> [Aim of the exercise]
Starting with the line below that holds "香港大火128死!男網紅火場" and stopping after the line that holds "รุ่น78 เนื้อทองเเดง ปี", transcribe the lines exactly, leaving out all pictures.

> [Information supplied]

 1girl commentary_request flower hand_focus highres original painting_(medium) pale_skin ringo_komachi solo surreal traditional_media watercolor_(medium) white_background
--
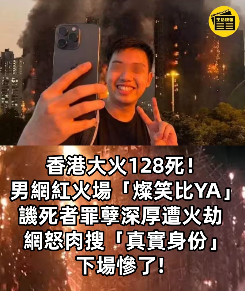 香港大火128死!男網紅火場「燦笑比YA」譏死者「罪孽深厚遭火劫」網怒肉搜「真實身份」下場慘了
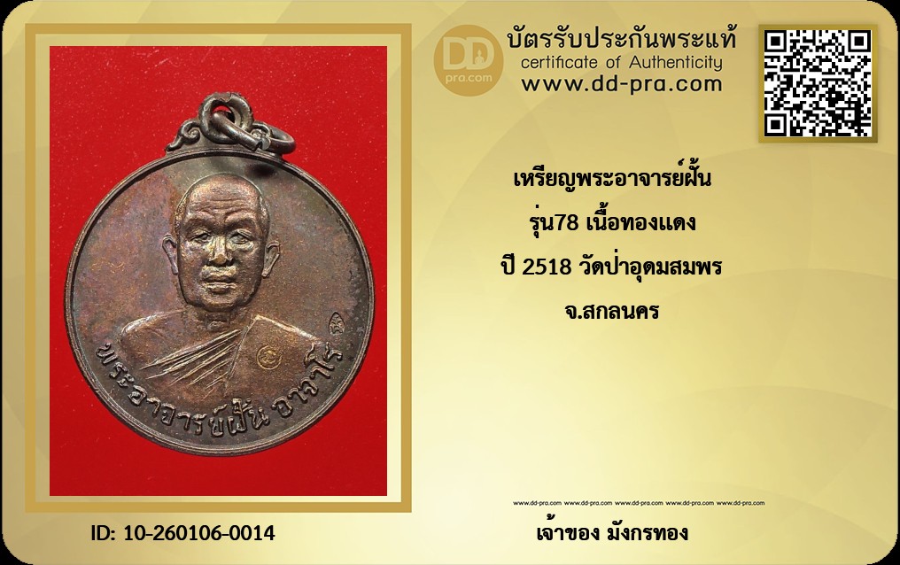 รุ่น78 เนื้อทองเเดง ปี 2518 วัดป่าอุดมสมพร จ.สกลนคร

> [Your solution]
 香港大火128死!男網紅火場「燦笑比YA」譏死者「罪孽深厚遭火劫」網怒肉搜「真實身份」下場慘了
 รุ่น78 เนื้อทองเเดง ปี 2518 วัดป่าอุดมสมพร จ.สกลนคร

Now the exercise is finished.